Cuban on Warriors as NBA ‘villain’ | Report: Saric to sign this week | Howard returns to Hawks

No. 1: Cuban a fan of Warriors being an NBA ‘villain’ of sorts — A mere two weeks ago, the Golden State Warriors pulled off perhaps the most envied free-agent signing of the summer — adding superstar and former MVP Kevin Durant to their already potent mix. Many are wondering how the Warriors will look next season with he, reigning MVP Stephen Curry and All-Stars Draymond Green and Klay Thompson in the mix. Success is all but certain to follow that group … and perhaps some disdain from non-Warriors fans who want to see this new super team beaten. As Tim McMahon of ESPN.com reports, Dallas Mavericks owner Mark Cuban is a fan of the Warriors being the new villains (his word, not ours) of the NBA;

Mark Cuban believes Kevin Durant’s decision to join the Golden State Warriors will benefit the NBA from a business perspective, despite commissioner Adam Silver’s concerns about the forming of a superteam.

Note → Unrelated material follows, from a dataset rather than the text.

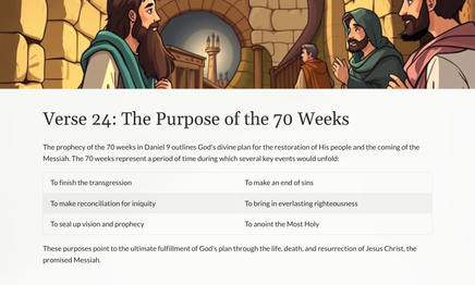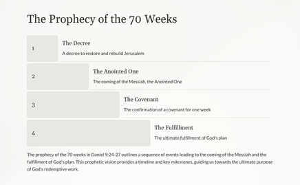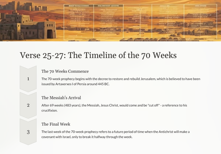 In hierdie hoofstuk ontvang die profeet Daniël 'n diepgaande visie van God, wat die toekoms van die nasie Israel en die koms van die Messias voorspel. Die gedeelte openbaar insigte in God se tydsberekening en plan vir verlossing.

Cuban, the Dallas Mavericks owner who has never shied away from going against the grain, is confident that adding a former MVP to a recent championship team that already features two-time MVP Stephen Curry and All-Stars Klay Thompson and Draymond Green will drive interest in the league.

“They become the villain,” Cuban told ESPN on Wednesday, a day after Silver indicated that changes in the collective bargaining agreement are needed to prevent similar situations from developing in the future. “Just like when LeBron James went to Miami, I loved that there was a villain. They become the villain. I’m fine with that. Everybody’s going to root for them to lose.”

Cuban’s Mavericks benefited by Durant’s decision, allowing them to add former Warriors starters Harrison Barnes and Andrew Bogut to the roster, with Golden State needing to let both players go to create cap space for Durant.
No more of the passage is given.